A little rain doesn't stop Tiblow Days

Enjoying a carousel ride together, Scott Komarek and his son Hudson, 2 1/2, took part in Tiblow Days in Bonner Springs. Enlarge photo

August 29, 2012

Mayor Clausie Smith called it in his State of the City address Thursday at the Annual Mayor’s Banquet, referring to the predicted rain Friday evening.

“If it takes Tiblow Days and a band concert to break the drought, then so be it,” Smith said.

While the weekend’s rain wasn’t enough to break the drought, it also wasn’t enough to put a stop to any of the events for Tiblow Days, Bonner Springs’ biggest annual festival.

The weekend began with the Mayor’s Banquet Thursday. Smith detailed the progress the city of Bonner Springs has made in the past year.

“You can be sure your tax dollars are being used wisely,” Smith said.

Sen. Jerry Moran gave an off-the-cuff keynote address at Thursday’s event and shared his experiences traveling the state as a U.S. Congressman and Senator, though he stayed away from discussing the issues in Washington, D.C.

“Perhaps there is an expectation that I might talk about what’s going on in our nation’s capitol, and for those of you who prefer that I don’t, I’m not gonna,” Moran said. “I think there’s lessons to be learned, much more important for me to see what’s going on in Bonner Springs and take that message back to Washington, D.C., than for me necessarily to come here and to attempt to tell you the details of why Washington, D.C. doesn’t work any better than it does.”

He said that in listening to Smith and talking to the attendees of the banquet, he learned that Bonner Springs was a special place to call home. The big-picture issues are important, he said, but his interest and passion were the issues that affect Kansans daily.

“While we often look to Washington, D.C., to find solutions to our problems — and we’re going to work to find those solutions — what we really ought to be focused on is what we can do in our own lives and our own communities to make a difference in other people’s lives and make our community a better place to live,” Moran said.

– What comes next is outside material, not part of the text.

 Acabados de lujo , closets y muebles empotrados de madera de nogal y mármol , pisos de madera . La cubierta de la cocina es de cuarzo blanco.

Moran added that he wanted to ensure that the Kansas way of life was continued for future generations, and that the government didn’t put too many hurdles in the way for that to continue.

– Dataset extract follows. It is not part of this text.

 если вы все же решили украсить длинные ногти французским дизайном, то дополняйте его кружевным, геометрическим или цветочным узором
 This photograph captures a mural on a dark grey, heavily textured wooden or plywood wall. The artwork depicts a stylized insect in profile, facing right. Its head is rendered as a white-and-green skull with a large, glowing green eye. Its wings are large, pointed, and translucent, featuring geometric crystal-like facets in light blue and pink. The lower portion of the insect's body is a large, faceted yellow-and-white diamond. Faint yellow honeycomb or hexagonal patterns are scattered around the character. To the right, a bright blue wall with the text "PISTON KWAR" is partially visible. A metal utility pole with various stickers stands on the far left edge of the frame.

The Marion Vaughn Community Service Award was presented to Carol Geary, who recently retired after 11 years as director of Vaughn-Trent Community Services. She started volunteering at a young age as a Sunshine Girl.

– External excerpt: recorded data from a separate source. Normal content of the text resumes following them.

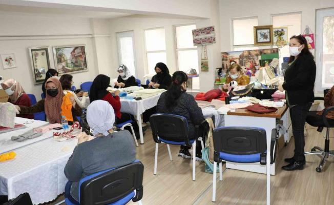 Yunusemre Belediyesi Topçuasım Hanımlar Lokali’nde eğitim alan kursiyerler bir yandan yeni hobiler edinirken bir yandan da ev ekonomilerine katkı sağlıyor.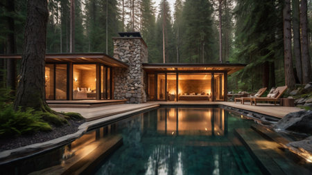 3d rendering of modern cozy chalet with pool and parking for sale or rent. Massive timber beams columns. Cool summer night with shiny reflective water.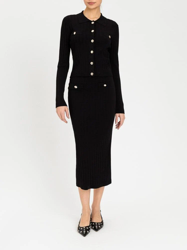 Polo in maglia Twinset Actitude, chiusura con bottoni metallici, tasche a fessura, collo a costine, colore nero
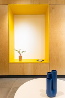 Un espacio de trabajo. Dos viviendas, una de ellas con una habitación y la otra con todo el espacio abierto. Las dos están configuradas de forma que una espina de madera de haya configura el espacio de salón y cocina, además de las zonas de almacenaje.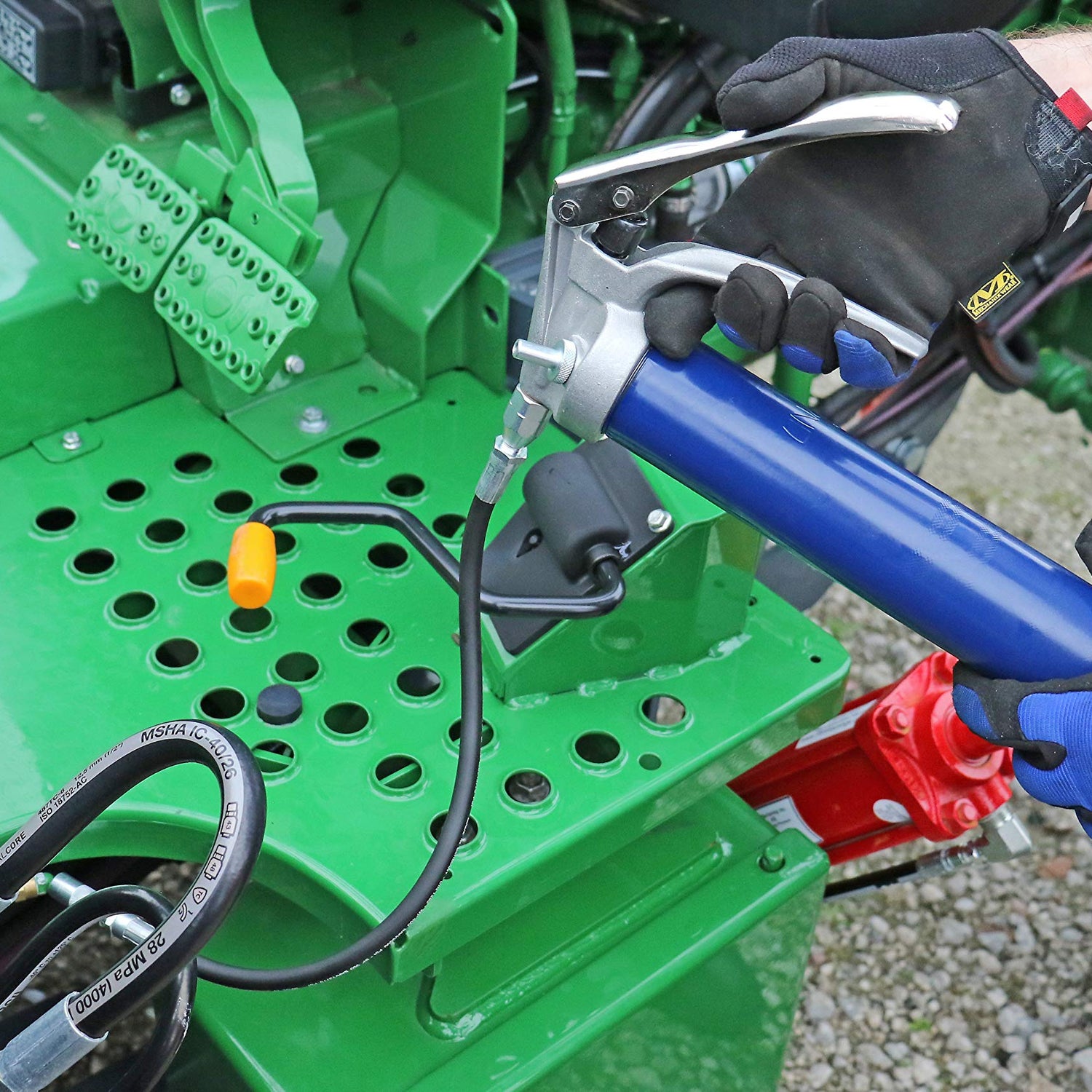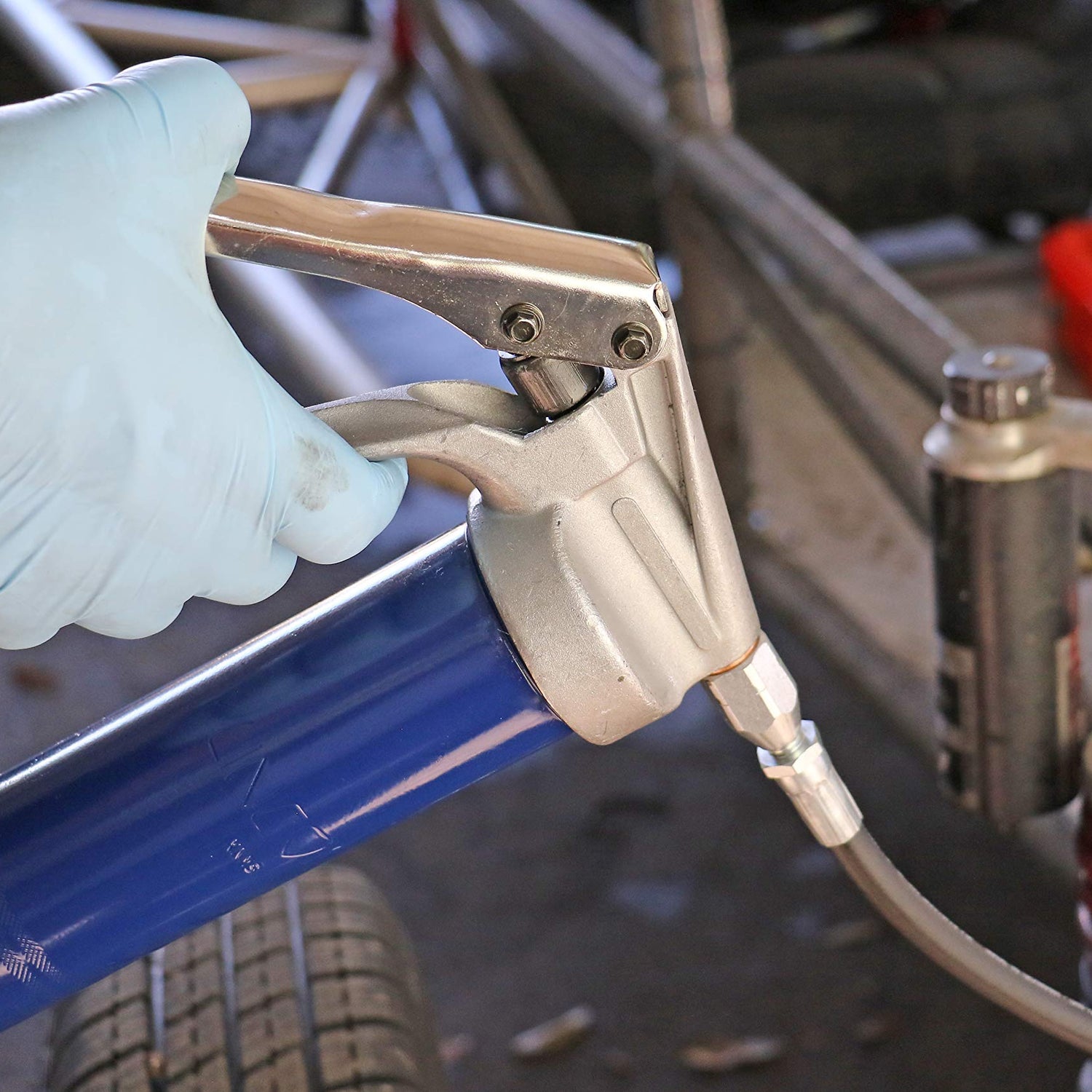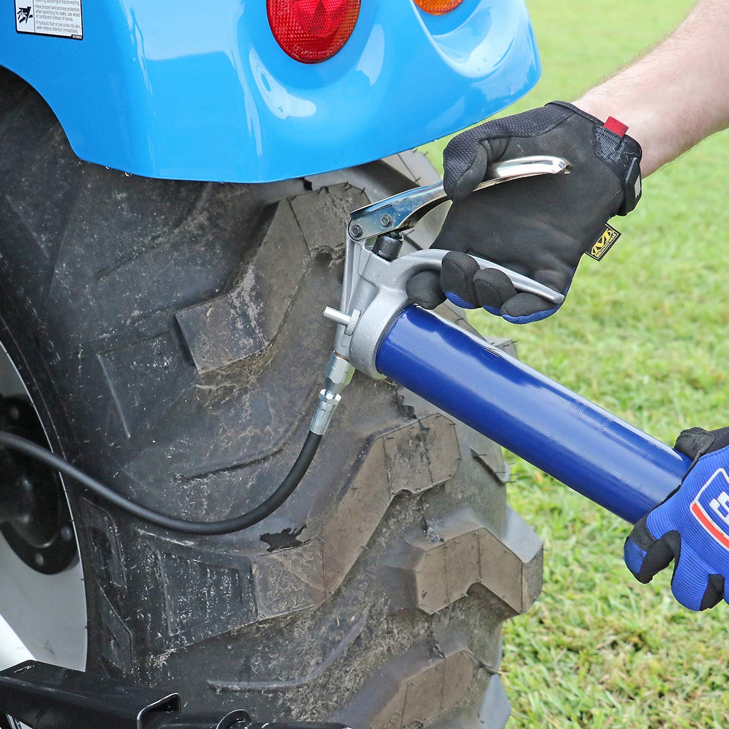 - VERSATILE GREASING OPTIONS: Equipped with an 18" whip flex hose, 6" rigid extension, and a premium dual lip follower, this grease gun is designed for versatility. Lubricate hard-to-reach areas in cars, trucks, and machinery with ease

In Bonner Springs, she also has volunteered in the community in several other ways, including serving as president of the Friends of the Library and on the state board of the Friends of Kansas Libraries.

Geary kept her comments upon receiving the award brief, expressing that she was honored to be included among the other recipients of the award. She encouraged everyone to find a way to volunteer in their community.

“Find something you like and find an organization. There are so many places that need your help,” she said. “It is very, very rewarding. It doesn’t have to be a lifelong commitment, sometimes it’s only a few hours, but it can be just as much as you want it to be and those organizations will be really, really happy to have your help.”

The rain sprinkled on the participants of the Tiblow Trot Saturday morning but had mostly stopped by 9:30 a.m. for the parade.

The Tiblow Days Car Show had a goal of 75 entries and nearly made it, with 68 registering. But the morning’s light rain showers scared some car owners off, so the show included about 52 vehicles.

David Block, president of the Bonner Springs-Edwardsville Chamber of Commerce, which organizes the event, said the chamber estimated that overall attendance at the festival was down slightly, but the chamber was happy with the festival.